What you are asked to do – A faithful copy is needed of the lines below from the one with "A teal porcelain" up to and including the one with "3、2025/26賽季,拜仁(凱恩,奧利塞、迪亞斯)115球"; set it down with no pictures and no other lines.

Source data –
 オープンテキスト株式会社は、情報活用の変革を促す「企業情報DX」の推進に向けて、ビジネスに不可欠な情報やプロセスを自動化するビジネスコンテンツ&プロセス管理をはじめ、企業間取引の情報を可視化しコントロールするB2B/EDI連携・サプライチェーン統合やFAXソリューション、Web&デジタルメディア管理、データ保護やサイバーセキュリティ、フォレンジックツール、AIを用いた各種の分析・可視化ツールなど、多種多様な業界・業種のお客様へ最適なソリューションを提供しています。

---

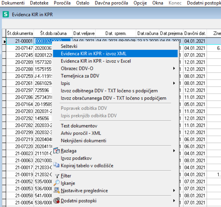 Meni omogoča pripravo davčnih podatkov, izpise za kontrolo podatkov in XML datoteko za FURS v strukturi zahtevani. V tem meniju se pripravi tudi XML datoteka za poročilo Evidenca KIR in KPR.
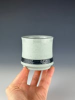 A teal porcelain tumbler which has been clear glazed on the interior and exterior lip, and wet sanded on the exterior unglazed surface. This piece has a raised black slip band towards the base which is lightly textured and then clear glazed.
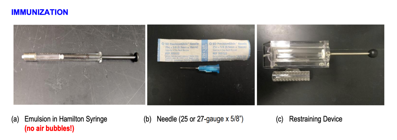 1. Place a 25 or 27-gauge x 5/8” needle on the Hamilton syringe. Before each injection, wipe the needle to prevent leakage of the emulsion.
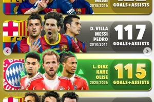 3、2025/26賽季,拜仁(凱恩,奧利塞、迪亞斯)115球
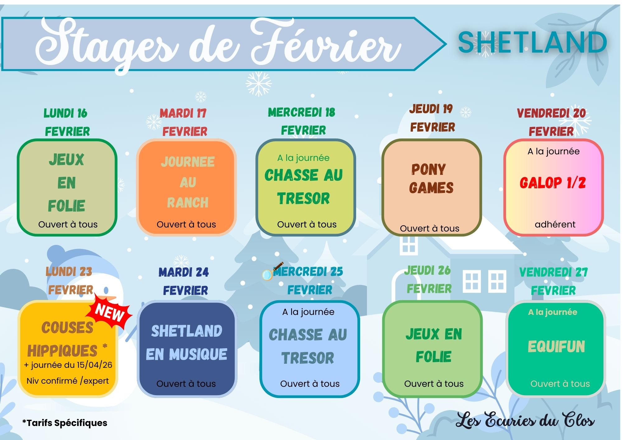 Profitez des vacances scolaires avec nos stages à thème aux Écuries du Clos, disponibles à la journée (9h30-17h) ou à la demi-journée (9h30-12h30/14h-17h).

--

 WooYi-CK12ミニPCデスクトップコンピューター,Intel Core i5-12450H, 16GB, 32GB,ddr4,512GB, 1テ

Problem solution –
 A teal porcelain tumbler which has been clear glazed on the interior and exterior lip, and wet sanded on the exterior unglazed surface. This piece has a raised black slip band towards the base which is lightly textured and then clear glazed.
 1. Place a 25 or 27-gauge x 5/8” needle on the Hamilton syringe. Before each injection, wipe the needle to prevent leakage of the emulsion.
 3、2025/26賽季,拜仁(凱恩,奧利塞、迪亞斯)115球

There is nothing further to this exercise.